* [Record set]:
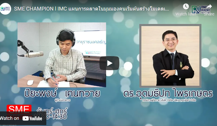 SME CHAMPION l IMC แผนการตลาดในมุมมองคนเริ่มต้นสร้างโมเดลเพื่อตอบโจทย์ธุรกิจ ติดตามข่าวสารการส่งเสริม SME กับ ดร.อุดมธิปก ไพรเกษตร กรรมการผู้จัดการ บริษัท ดิจิทัลบิสิเนส คอนซัลท์ จำกัด และปิยะพงษ์ เคนทวาย [8 เมษายน 2564] #SME_Champion, #วิทยุราชมงคลธัญบุรี, #SME, #เอสเอ็มอี, ...
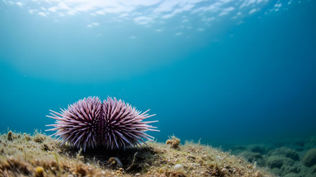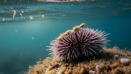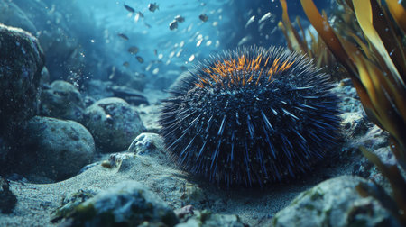 Sea urchin (Echinoidea). Sea urchins have a rounded body, reaching up to 30 cm in size Generative AI
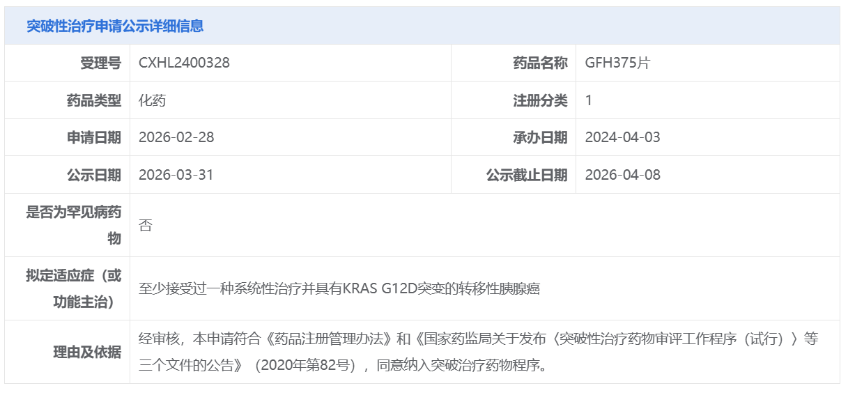 劲方医药的GFH375片获CDE拟纳入突破性治疗品种
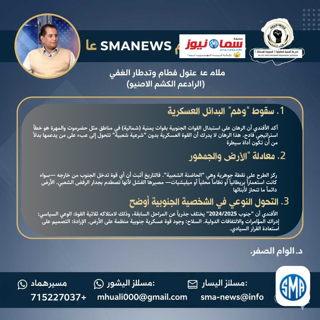 إن محاولات الالتفاف على إرادة الشعب الجنوبي عبر أدوات عسكرية مستوردة لن تجلب إلا مزيداً من عدم الاستقرار والخسائر الاستراتيجية لمن يمولها. الحل يبدأ بالاعتراف بالحقوق، وينتهي بدولة فيدرالية تحمي الجميع.
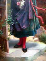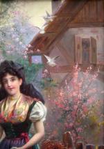 A pair to the item No. 3109. This nice scene with a girl in Austrian national folk costume was executed by Austrian painter of late 19th century H.Waldek. The artist worked under influence of other more famous Austrian genre painter of the same time Hans Zatzka (1859-Vienna-1945) and created his scenes with peasant and elegant ladies, oriental dancer and neoclassical nymphs in the same style.
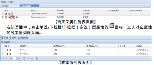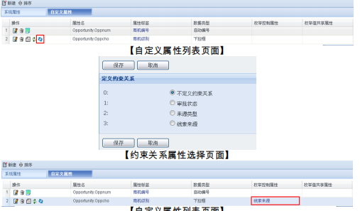 点击系统配置菜单“客户化平台 ”“对象管理 ““销售机会”,进入销售机会属性设置页面。在该页面,点击自定义属性选项卡切换到自定义属性列表页面。

* [What you are asked to do]: Exclude images and repeat all entries exactly.

* [Result of this exercise]:
 SME CHAMPION l IMC แผนการตลาดในมุมมองคนเริ่มต้นสร้างโมเดลเพื่อตอบโจทย์ธุรกิจ ติดตามข่าวสารการส่งเสริม SME กับ ดร.อุดมธิปก ไพรเกษตร กรรมการผู้จัดการ บริษัท ดิจิทัลบิสิเนส คอนซัลท์ จำกัด และปิยะพงษ์ เคนทวาย [8 เมษายน 2564] #SME_Champion, #วิทยุราชมงคลธัญบุรี, #SME, #เอสเอ็มอี, ...
 Sea urchin (Echinoidea). Sea urchins have a rounded body, reaching up to 30 cm in size Generative AI
 劲方医药的GFH375片获CDE拟纳入突破性治疗品种
 إن محاولات الالتفاف على إرادة الشعب الجنوبي عبر أدوات عسكرية مستوردة لن تجلب إلا مزيداً من عدم الاستقرار والخسائر الاستراتيجية لمن يمولها. الحل يبدأ بالاعتراف بالحقوق، وينتهي بدولة فيدرالية تحمي الجميع.
 A pair to the item No. 3109. This nice scene with a girl in Austrian national folk costume was executed by Austrian painter of late 19th century H.Waldek. The artist worked under influence of other more famous Austrian genre painter of the same time Hans Zatzka (1859-Vienna-1945) and created his scenes with peasant and elegant ladies, oriental dancer and neoclassical nymphs in the same style.
 点击系统配置菜单“客户化平台 ”“对象管理 ““销售机会”,进入销售机会属性设置页面。在该页面,点击自定义属性选项卡切换到自定义属性列表页面。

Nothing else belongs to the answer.